- Problem requirements
Reproduce verbatim all of the data given below, but do not carry over the images.

- Supplied data
****

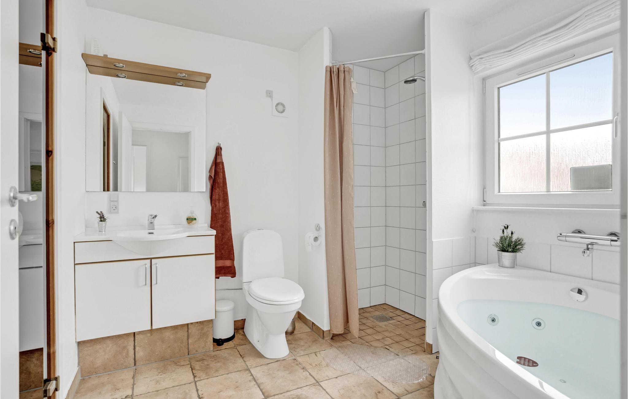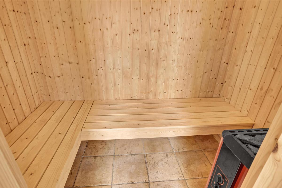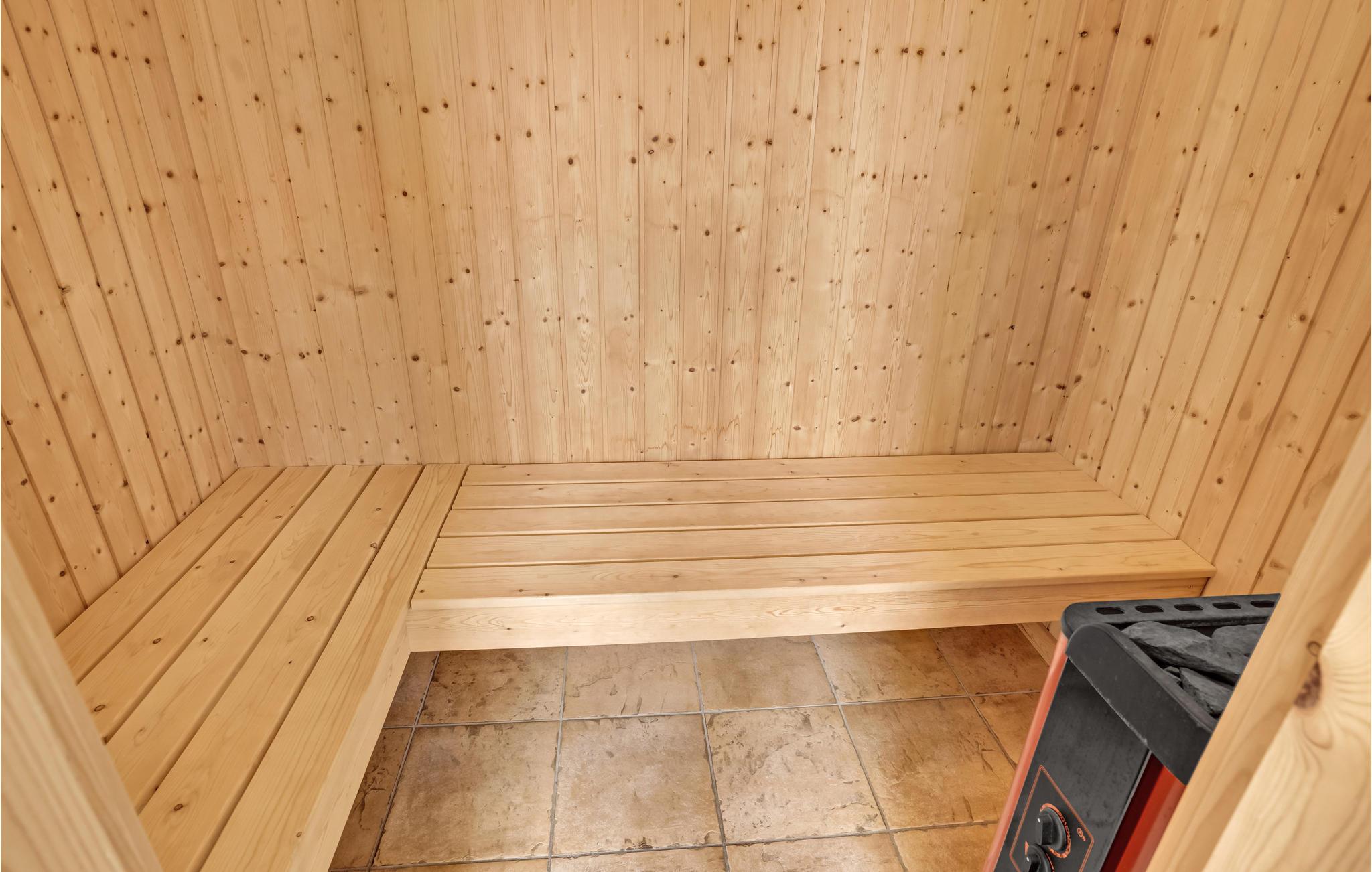 Dit vakantiehuis ligt in een prachtig vakantiehuisgebied niet ver van het strand en biedt met zijn drie slaapkamers en één badkamer ruimte voor een groter gezin. Het huis heeft ook een groot woongedeelte met een open keuken, een bank en een eethoek. Ontspan hier 's avonds voor de open haard of kook samen heerlijke maaltijden in de keuken. Na een lange vakantiedag nodigen de whirlpool en de sauna uit tot ontspannende wellnessmomenten.
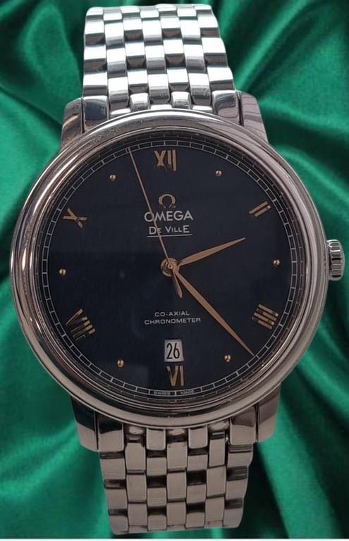2022 OMEGA DE VILLE 4241********** Price Guide - $3,500 - $circa REFERENCE NO. 4241********** CASE DESCRIPTION: STAINLESS STEEL CASE SIZE: 39.5MM BRACELET: STAINLESS STEEL BOX: NOT INCLUDED CARDS: INCLUDED Condition: Good - Refer To Images Additional Information: Co Axial Chronometre 4881172+8
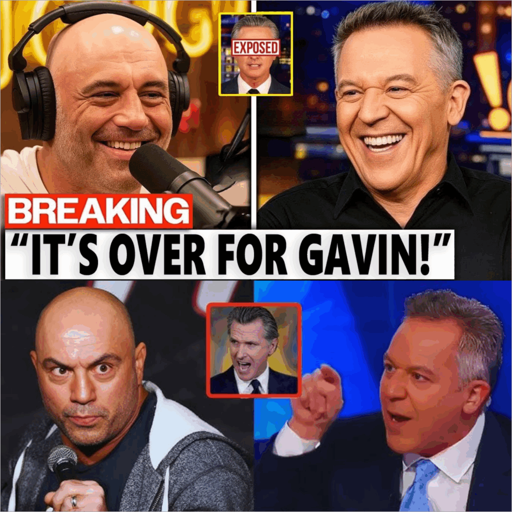 California Governor Gavin Newsom has long been seen as the golden boy of modern progressivism, a camera-ready politician with a dazzling smile and a knack for delivering climate slogans as effortlessly as he runs his hands through his perfectly coiffed hair. But on a recent live broadcast, media giants Joe Rogan and Greg Gutfeld joined forces to strip away the glossy veneer and expose what they called the “dark secret” behind Newsom’s leadership—a state in crisis, a politician in denial, and a performance so polished that it’s begun to ring hollow for millions of Californians.
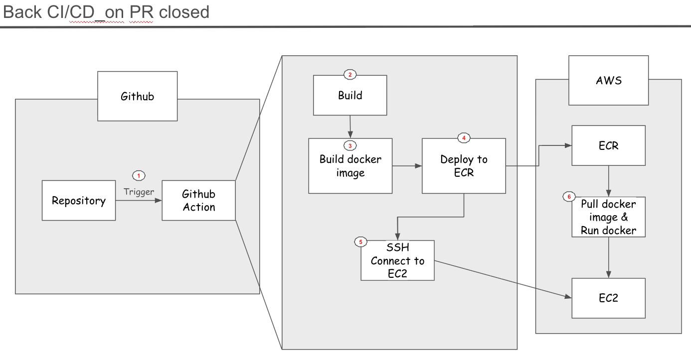 1. 개발자가 생성된 PR의 머지를 승인함으로써 Github Action이 실행됩니다.

****

- Task response
 Dit vakantiehuis ligt in een prachtig vakantiehuisgebied niet ver van het strand en biedt met zijn drie slaapkamers en één badkamer ruimte voor een groter gezin. Het huis heeft ook een groot woongedeelte met een open keuken, een bank en een eethoek. Ontspan hier 's avonds voor de open haard of kook samen heerlijke maaltijden in de keuken. Na een lange vakantiedag nodigen de whirlpool en de sauna uit tot ontspannende wellnessmomenten.
2022 OMEGA DE VILLE 4241********** Price Guide - $3,500 - $circa REFERENCE NO. 4241********** CASE DESCRIPTION: STAINLESS STEEL CASE SIZE: 39.5MM BRACELET: STAINLESS STEEL BOX: NOT INCLUDED CARDS: INCLUDED Condition: Good - Refer To Images Additional Information: Co Axial Chronometre 4881172+8
 California Governor Gavin Newsom has long been seen as the golden boy of modern progressivism, a camera-ready politician with a dazzling smile and a knack for delivering climate slogans as effortlessly as he runs his hands through his perfectly coiffed hair. But on a recent live broadcast, media giants Joe Rogan and Greg Gutfeld joined forces to strip away the glossy veneer and expose what they called the “dark secret” behind Newsom’s leadership—a state in crisis, a politician in denial, and a performance so polished that it’s begun to ring hollow for millions of Californians.
 1. 개발자가 생성된 PR의 머지를 승인함으로써 Github Action이 실행됩니다.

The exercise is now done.